Wednesday, October 04, 2006

China calls for calm over N Korea

By Huang Zhi Xuan,
WNS Northeast Asia Bureau Chief

BEIJING - China has appealed for calm following North Korea's announcement that it planned to test a nuclear bomb. "We hope that North Korea will exercise necessary calm and restraint," a Foreign Ministry spokesman said, urging other states not to escalate tensions. North Korea announced the test on state TV, saying it would boost security in the face of US hostility. The US said such an action would be "provocative", while Japan said it would be "unacceptable".The US has already indicated it would raise the issue with the UN Security Council, but Beijing says the issue should be handled by ongoing six-nation talks on North Korea's nuclear aThese talks have been stalled for almost a year, with Pyongyang refusing to return to the table unless the US first lifts financial sanctions.

Despite a flurry of diplomatic activity in recent months, after the North conducted internationally condemned missile tests, little progress has been made. China, the nearest the North has to an ally, has often advocated quiet diplomacy in efforts to get Pyongyang to abandon its nuclear programme. But other countries involved in the six-nation talks - notably the US and Japan - have frequently taken a harder line.
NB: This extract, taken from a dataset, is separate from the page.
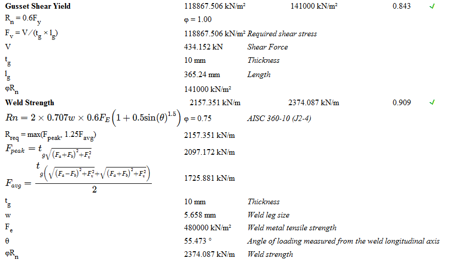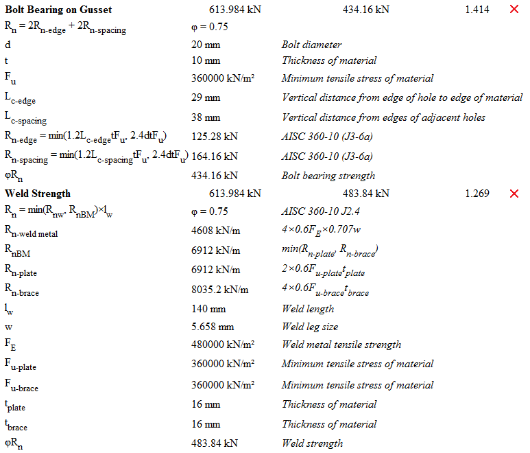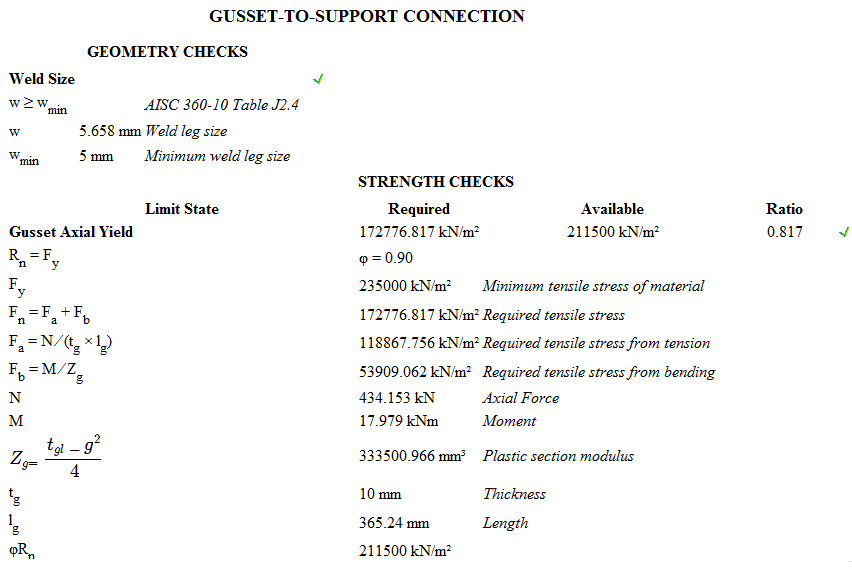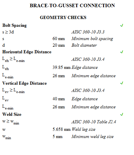 Brace corner connection design is made automatically according to the Design, Calculation and Construction Principles of Steel Structures (ÇYTHYEDY) , AISC 360-16, and the connection report is created.

North Korea said that its nuclear test would prove its claim, made publicly last year, that it had nuclear weapons. Pyongyang did not give a date for its planned nuclear test, but North Korean diplomat Pak Myong-guk told WNS that the country had been forced to act because of Washington's stance. "These kinds of threats of nuclear war and sanctions and pressure by the United States compel us to conduct a nuclear test," he said.

But there was little sympathy among the international community for Pyongyang's reasons. Japan's new Prime Minister Shinzo Abe told parliament on Wednesday that Tokyo "simply could not accept if North Korea were to conduct a nuclear test". "It would be a very provocative act by the North Koreans," added US Secretary of State Condoleezza Rice . South Korea warned that it might abandon its long policy of pursuing engagement with the North if the tests went ahead. Russia and various other European nations have also expressed concern, and a spokesman for UN Secretary General Kofi Annan said a test would only provoke universal condemnation and do nothing towards strengthening North Korea's security. But China said it would be better to revive the six-nation talks, which stalled almost a year ago. "If the six-party talks cannot do anything about it, I don't think the Council is in a position to do it," China's envoy to the UN, Wang Guangya, told reporters.